REVEALED: How Nazi Forgeries Almost Destroyed The Credibility Of The British Pound
By the end of the war the
forgeries were so rife that Bank of
England notes would not be accepted by any neutral country on the Continent
"except at a very large discount”, the
report quoted Sir Edward Reid of MI5’s section B1B as saying.
The government ultimately had to issue two recalls of all pound notes — fake
and genuine — bigger than £5 and issue fresh notes, which had an added security
feature: a metal strip.
In total, the Nazis (or rather,
prisoners at the Sachsenhausen concentration camp) produced counterfeit sterling
notes with a face value of £134 million, equivalent to ten percent of all
sterling in circulation at that time, according to the BBC.
The Germans first began forging British currency in 1940 as part of its plans
to invade Britain.But while Hitler was forced to abandon that plan after losses in the Battle of Britain, German forgers carried on perfecting their techniques to devastating effect.

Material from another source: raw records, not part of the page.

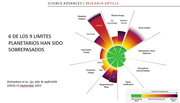 Muchos investigadores e intelectuales se refieren al Antropoceno y otros, menos numerosos, al Capitaloceno, como la era de la tierra en la cual las acciones antrópicas, movidas por el mercado de bienes y servicios que se desató en la revolución industrial inglesa, con la motivación principal de acumular riqueza monetaria y económica; está resultando en el franco y grave deterioro y desaparición de la riqueza natural de la tierra. El problema sigue creciendo a una velocidad e intensidad impresionantes, hasta el punto que siete de los nueve límites planetarios han sido sobrepasados, pues, aunque la gráfica 1, de 2023 muestra sólo seis, también el de la acidificación de los océanos ha sido sobre pasado ya.
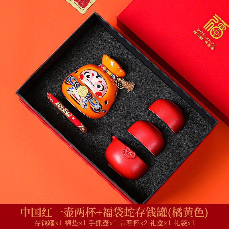 chinese red tea set + orange lucky bag snake coin bank [gift suit]]
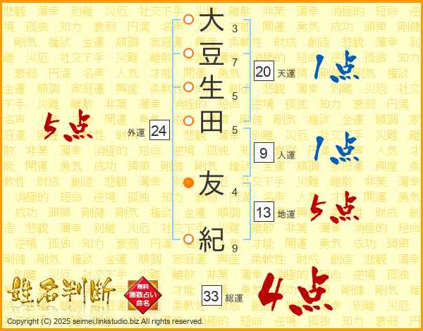 大(3画)豆(7画)生(5画)田(5画) 友(4画)紀(9画)
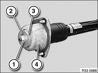 Remove joint disc (2), support bearing upper section (3) and support bearing flange (4).
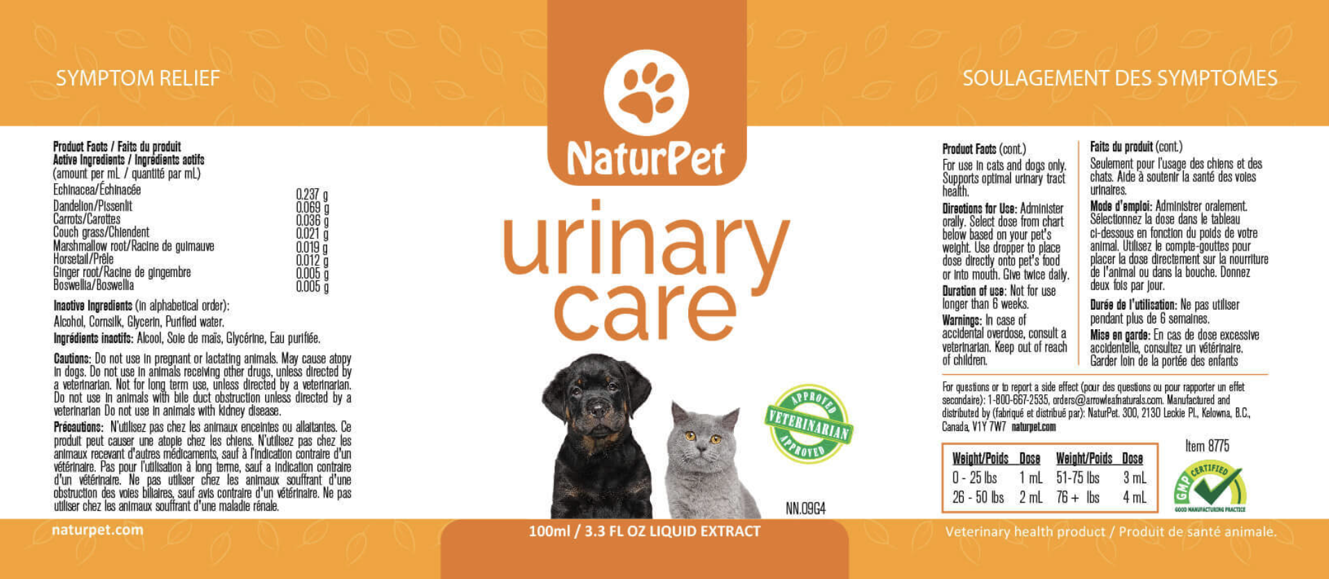 NaturPet Urinary Care, a premium herbal blend specifically formulated to support the urinary health of your beloved pets. This carefully crafted formula combines the power of natural ingredients, including Dandelion Leaf, Wild Carrot, Echinacea, Marshmallow Root, Ginger Root, Couch Grass, Boswellia, and Horsetail. Together, these ingredients work synergistically to promote a healthy urinary system and aid in maintaining optimal urinary function.
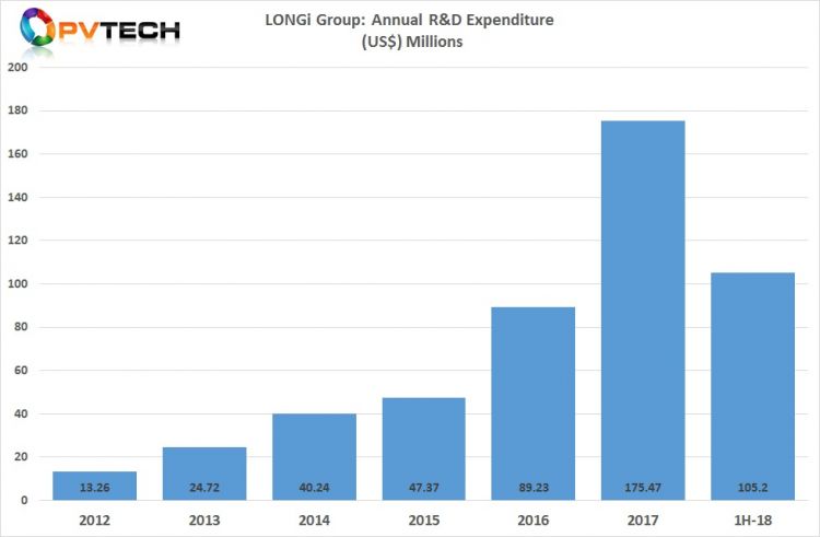 根據(jù)PV Tech對主要光伏制造商研發(fā)支出趨勢的年度分析,LONGi集團(tuán)是2017年最大的消費(fèi)者,超過1.75億美元的研發(fā)活動。該公司已于2018年在研發(fā)活動上花費(fèi)超過1.05億美元。
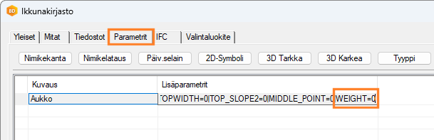 - Jos parametria WINDOW_WEIGHT ei ole määritetty, järjestelmä käyttää parametria OPENING_WEIGHT ikkunoille.

Initially the fake notes were circulated in neutral Portugal and Spain with the objective of raising money for the Nazi war effort and creating a lack of confidence in the British currency. Soon they began turning up in Egypt as well, and after D-Day and the Allied invasion of France, they began to appear all over Britain, mainly due to the fact that Allied troops were selling Army stores on the blackmarket for British pounds.
But the Nazi plot backfired when German intelligence chiefs, unable to detect the forgeries, gave the fake notes to their own spies heading for the UK, leading to the easy capture of some.
One of Germany’s top spies, codenamed ‘Cicero’, amassed some £300,000 for a retirement fund during the war, only to later discover the currency was all fake.